→ Exercise requirements:
Output exactly the lines of the listing below that run from the line with "We will have" through the line with "К производственно-отраслевым сметным". No pictures.

→ Available data:
'''

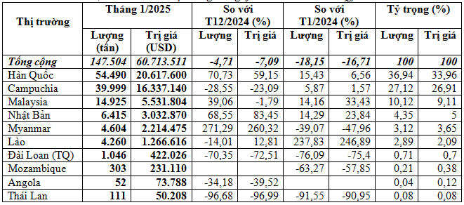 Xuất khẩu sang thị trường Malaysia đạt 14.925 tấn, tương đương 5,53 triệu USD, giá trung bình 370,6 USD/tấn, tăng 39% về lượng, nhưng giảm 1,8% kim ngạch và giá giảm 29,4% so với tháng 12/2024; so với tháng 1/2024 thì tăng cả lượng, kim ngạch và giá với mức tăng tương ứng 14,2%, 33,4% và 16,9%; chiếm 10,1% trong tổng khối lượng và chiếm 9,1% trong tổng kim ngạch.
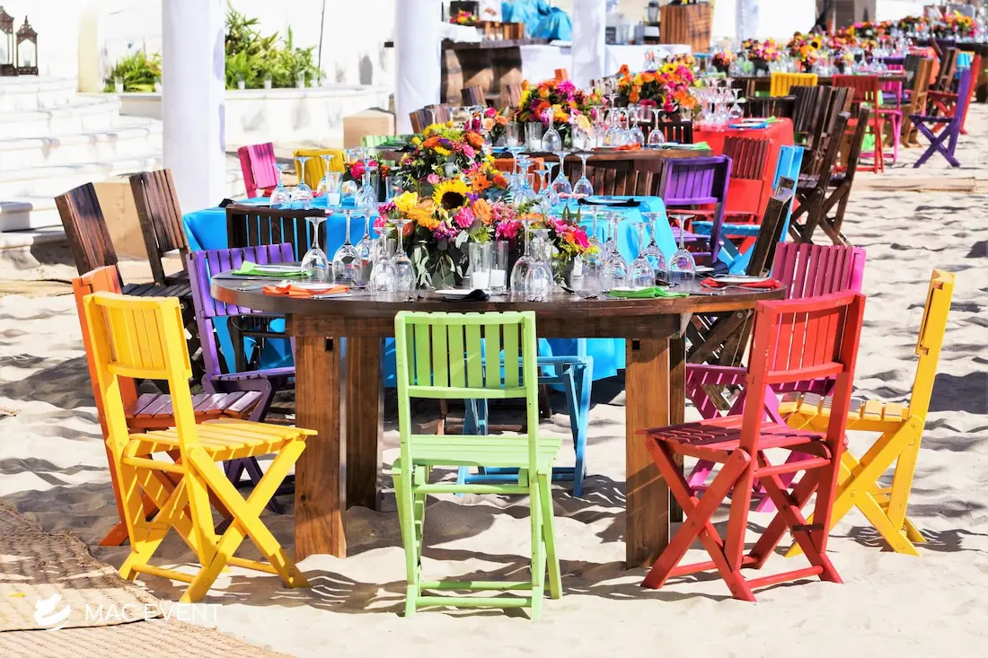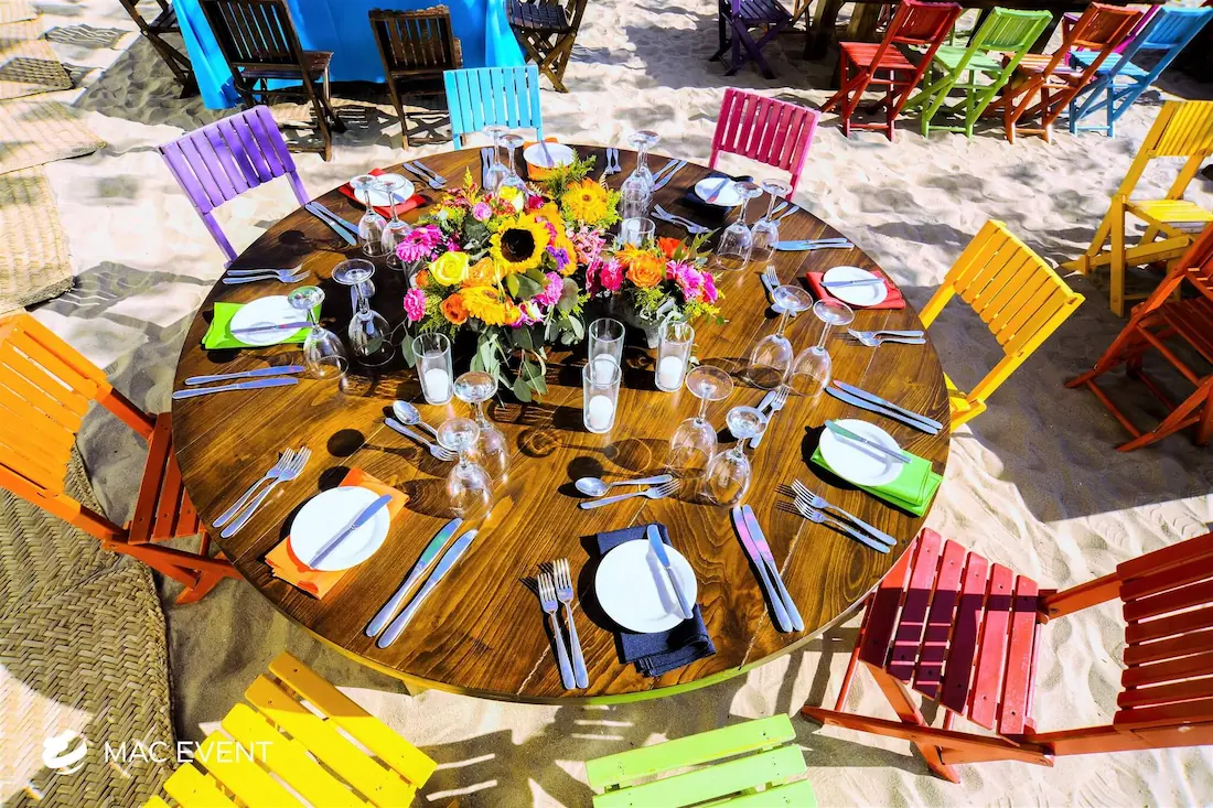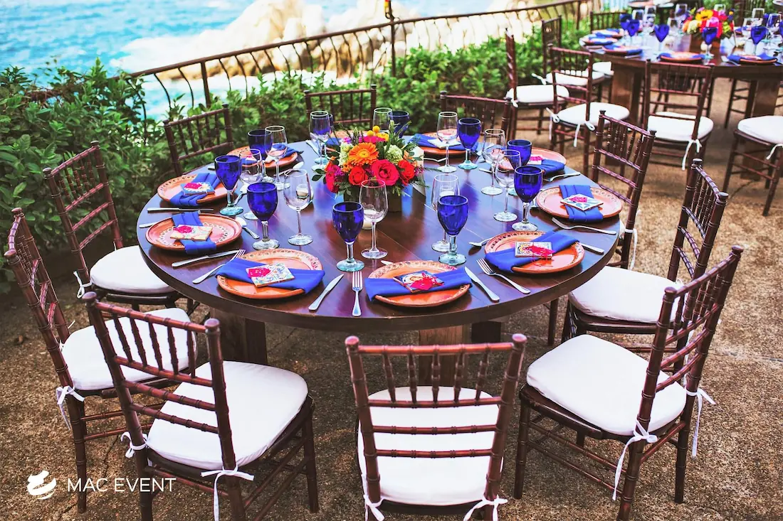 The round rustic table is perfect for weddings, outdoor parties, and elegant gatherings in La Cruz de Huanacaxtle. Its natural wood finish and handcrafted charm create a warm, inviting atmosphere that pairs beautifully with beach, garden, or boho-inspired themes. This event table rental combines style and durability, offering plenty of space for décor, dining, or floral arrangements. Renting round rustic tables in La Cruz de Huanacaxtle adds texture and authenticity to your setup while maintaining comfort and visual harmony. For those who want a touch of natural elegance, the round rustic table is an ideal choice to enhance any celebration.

'''
'''

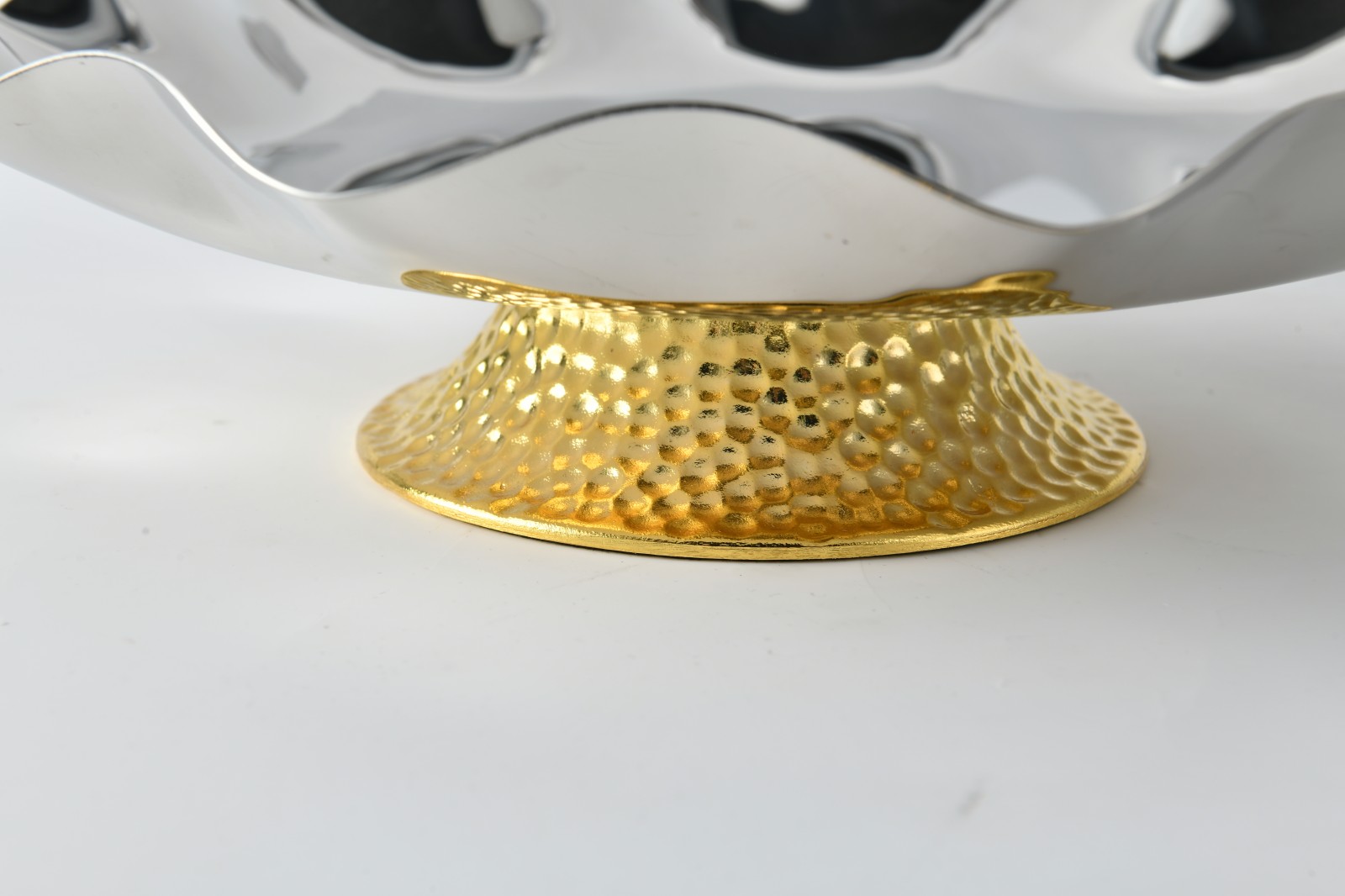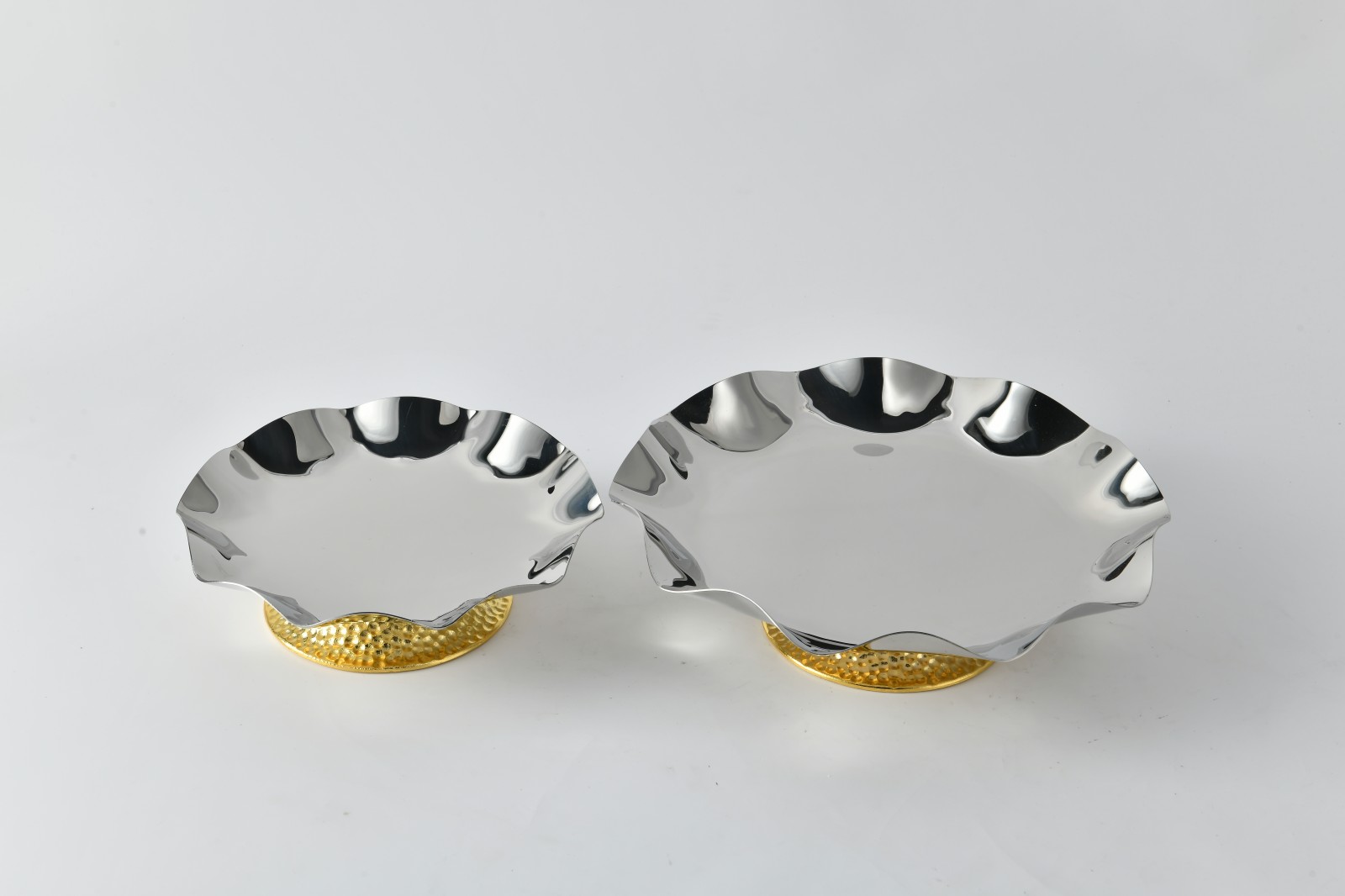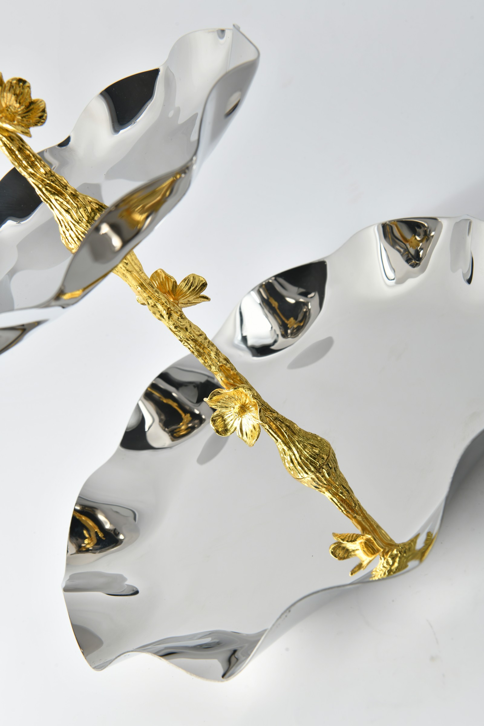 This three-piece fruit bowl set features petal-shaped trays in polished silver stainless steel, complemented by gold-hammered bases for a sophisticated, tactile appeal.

'''
'''

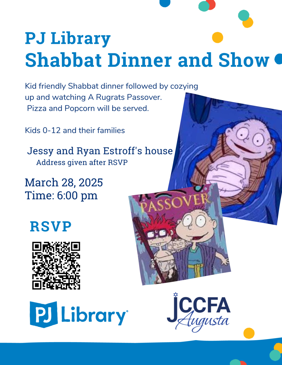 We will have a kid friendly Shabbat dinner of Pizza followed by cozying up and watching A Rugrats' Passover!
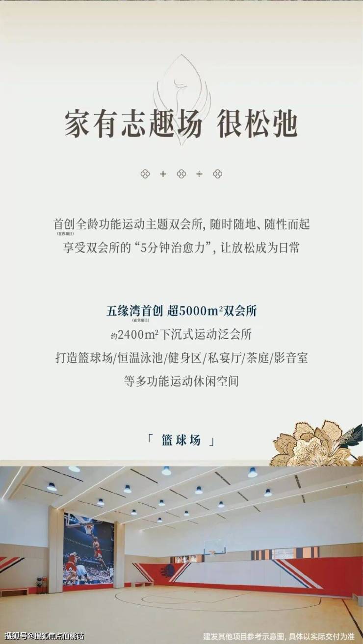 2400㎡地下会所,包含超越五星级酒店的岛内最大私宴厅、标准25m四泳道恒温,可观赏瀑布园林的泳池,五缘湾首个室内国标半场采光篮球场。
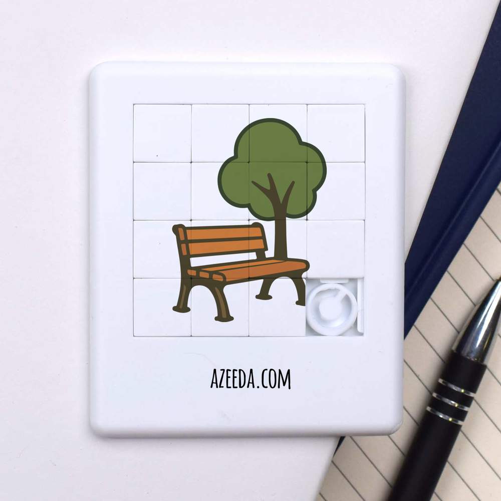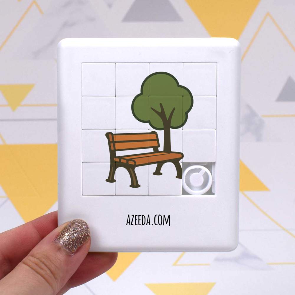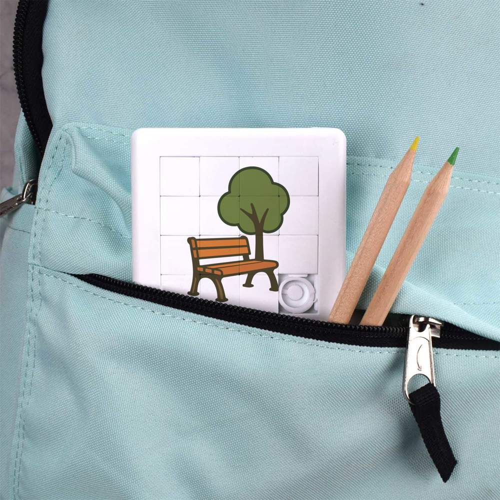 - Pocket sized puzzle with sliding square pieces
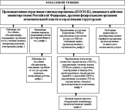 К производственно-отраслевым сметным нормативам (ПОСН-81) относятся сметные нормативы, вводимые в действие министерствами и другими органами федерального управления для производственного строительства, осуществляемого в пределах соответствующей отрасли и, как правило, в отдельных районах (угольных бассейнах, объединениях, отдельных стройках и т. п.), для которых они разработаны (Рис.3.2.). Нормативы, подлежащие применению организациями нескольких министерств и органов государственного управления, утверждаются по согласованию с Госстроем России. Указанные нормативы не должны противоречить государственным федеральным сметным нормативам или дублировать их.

'''

→ Exercise solution:
 We will have a kid friendly Shabbat dinner of Pizza followed by cozying up and watching A Rugrats' Passover!
 2400㎡地下会所,包含超越五星级酒店的岛内最大私宴厅、标准25m四泳道恒温,可观赏瀑布园林的泳池,五缘湾首个室内国标半场采光篮球场。
 - Pocket sized puzzle with sliding square pieces
 К производственно-отраслевым сметным нормативам (ПОСН-81) относятся сметные нормативы, вводимые в действие министерствами и другими органами федерального управления для производственного строительства, осуществляемого в пределах соответствующей отрасли и, как правило, в отдельных районах (угольных бассейнах, объединениях, отдельных стройках и т. п.), для которых они разработаны (Рис.3.2.). Нормативы, подлежащие применению организациями нескольких министерств и органов государственного управления, утверждаются по согласованию с Госстроем России. Указанные нормативы не должны противоречить государственным федеральным сметным нормативам или дублировать их.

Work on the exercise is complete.